Data extracts:
>>>
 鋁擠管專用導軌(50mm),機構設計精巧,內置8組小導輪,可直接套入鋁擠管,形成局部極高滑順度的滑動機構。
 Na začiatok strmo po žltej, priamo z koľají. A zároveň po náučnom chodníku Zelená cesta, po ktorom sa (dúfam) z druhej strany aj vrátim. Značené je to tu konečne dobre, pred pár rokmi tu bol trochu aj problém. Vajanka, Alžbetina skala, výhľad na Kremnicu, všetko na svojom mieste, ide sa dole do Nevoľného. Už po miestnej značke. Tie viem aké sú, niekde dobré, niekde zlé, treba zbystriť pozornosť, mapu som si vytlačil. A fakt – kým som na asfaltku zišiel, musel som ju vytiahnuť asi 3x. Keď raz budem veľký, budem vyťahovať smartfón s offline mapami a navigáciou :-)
<<<
>>>
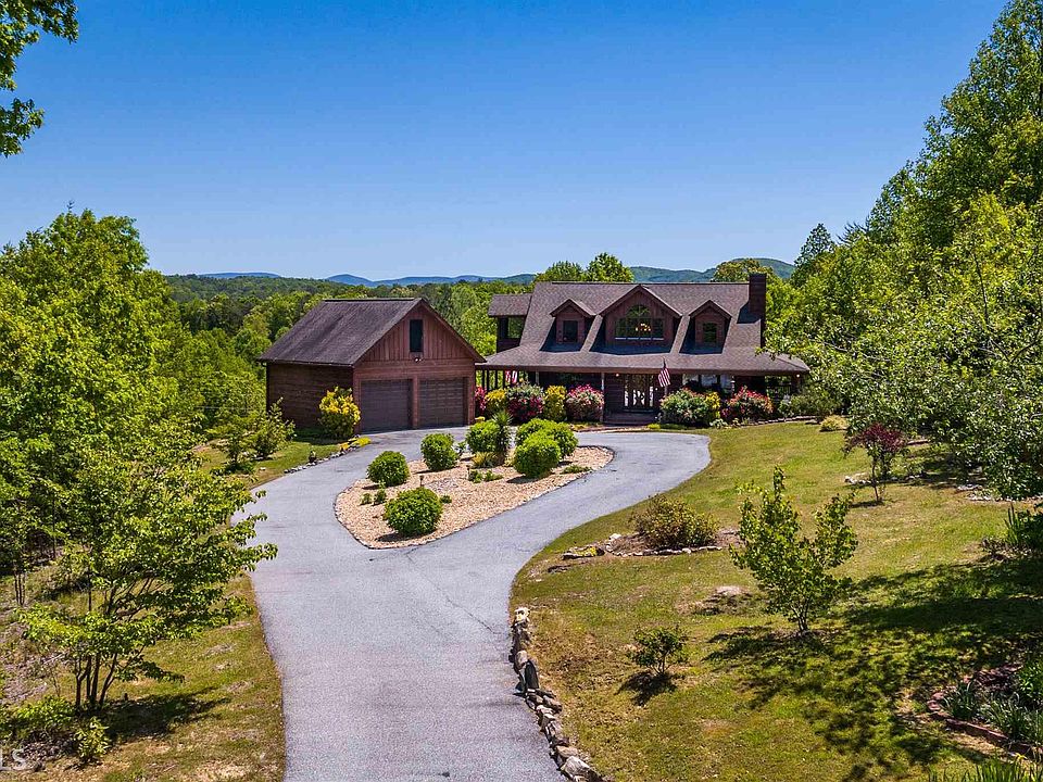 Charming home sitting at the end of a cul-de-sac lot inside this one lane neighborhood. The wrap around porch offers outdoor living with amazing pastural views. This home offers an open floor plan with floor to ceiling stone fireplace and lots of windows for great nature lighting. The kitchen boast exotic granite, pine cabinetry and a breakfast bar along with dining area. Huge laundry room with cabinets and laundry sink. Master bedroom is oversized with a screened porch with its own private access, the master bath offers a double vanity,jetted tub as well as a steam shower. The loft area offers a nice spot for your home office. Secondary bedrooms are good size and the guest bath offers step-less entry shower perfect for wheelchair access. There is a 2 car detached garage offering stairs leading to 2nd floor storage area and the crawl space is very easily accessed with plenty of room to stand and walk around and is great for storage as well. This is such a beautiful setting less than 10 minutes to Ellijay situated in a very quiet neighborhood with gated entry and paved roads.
<<<
Wherever the line holding "鋁擠管專用導軌(50mm),機構設計精巧" falls in the entries above, copy exactly from it through the line holding "Na začiatok strmo", inclusive, and add nothing.

 鋁擠管專用導軌(50mm),機構設計精巧,內置8組小導輪,可直接套入鋁擠管,形成局部極高滑順度的滑動機構。
 Na začiatok strmo po žltej, priamo z koľají. A zároveň po náučnom chodníku Zelená cesta, po ktorom sa (dúfam) z druhej strany aj vrátim. Značené je to tu konečne dobre, pred pár rokmi tu bol trochu aj problém. Vajanka, Alžbetina skala, výhľad na Kremnicu, všetko na svojom mieste, ide sa dole do Nevoľného. Už po miestnej značke. Tie viem aké sú, niekde dobré, niekde zlé, treba zbystriť pozornosť, mapu som si vytlačil. A fakt – kým som na asfaltku zišiel, musel som ju vytiahnuť asi 3x. Keď raz budem veľký, budem vyťahovať smartfón s offline mapami a navigáciou :-)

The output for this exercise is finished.